Investing in the community: St John's Wood flats in NW6 are part of new wave of council-led building in Camden

Be part of Camden’s new golden age.
David Spittles6 November 2018

Camden council architecture department had a pioneering period in the Sixties and Seventies, a special time in London’s housing history.

Inspired by Le Corbusier, the great modernist of an earlier generation, the borough triumphed with high-quality social housing, designing a number of low-rise concrete estates, now listed, including Bloomsbury’s brutal but beautiful Brunswick Centre.

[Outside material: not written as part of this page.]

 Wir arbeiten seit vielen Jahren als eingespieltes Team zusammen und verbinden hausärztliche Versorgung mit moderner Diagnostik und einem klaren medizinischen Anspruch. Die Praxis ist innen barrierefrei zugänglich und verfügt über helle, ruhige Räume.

Now, with Theresa May relaxing rules introduced when Margaret Thatcher was prime minister that outlawed the building of new council homes, Camden has come up with a Community Investment Programme, allowing it to sell land and bulldoze estates to raise more than £1 billion.

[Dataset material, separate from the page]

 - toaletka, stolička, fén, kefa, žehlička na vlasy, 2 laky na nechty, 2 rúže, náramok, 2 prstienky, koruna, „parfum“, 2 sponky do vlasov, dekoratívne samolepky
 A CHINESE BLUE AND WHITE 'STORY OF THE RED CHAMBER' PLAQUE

More than 3,000 flats are being built and this time around, many of them are for sale on the open market.

Abbey Road Cross, with 75 private flats, is part of The Camden Collection.

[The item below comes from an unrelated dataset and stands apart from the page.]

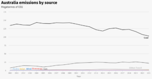 The consequence for Australia’s electricity-related CO2 emissions (the lowest hanging fruit for emissions reduction) is that our emissions from fossil fuels have decreased only modestly from 143 Megatonnes of CO2 in 2000 to 127 in 2021, having peaked at 164 in 2009. The annual rate of decrease since 2009 is 3 per cent, although in fairness it has been slightly more rapid in recent years.

Just north of St John’s Wood, the NW6 address looms over a busy junction and butts up against train tracks.

Architects Pollard Thomas Edwards have designed distinctive linked apartment blocks clad in kiln-fired red bricks with a stand-alone 13-storey tower in smoked blue brick.

Flats have set-back balconies and 28 different floorplans.

Prices start at £565,000. Call Savills on 020 7409 8756.

Proceeds from these private sales are ploughed back into neighbourhoods in the form of new social housing, better public and green space, new schools, shops and facilities.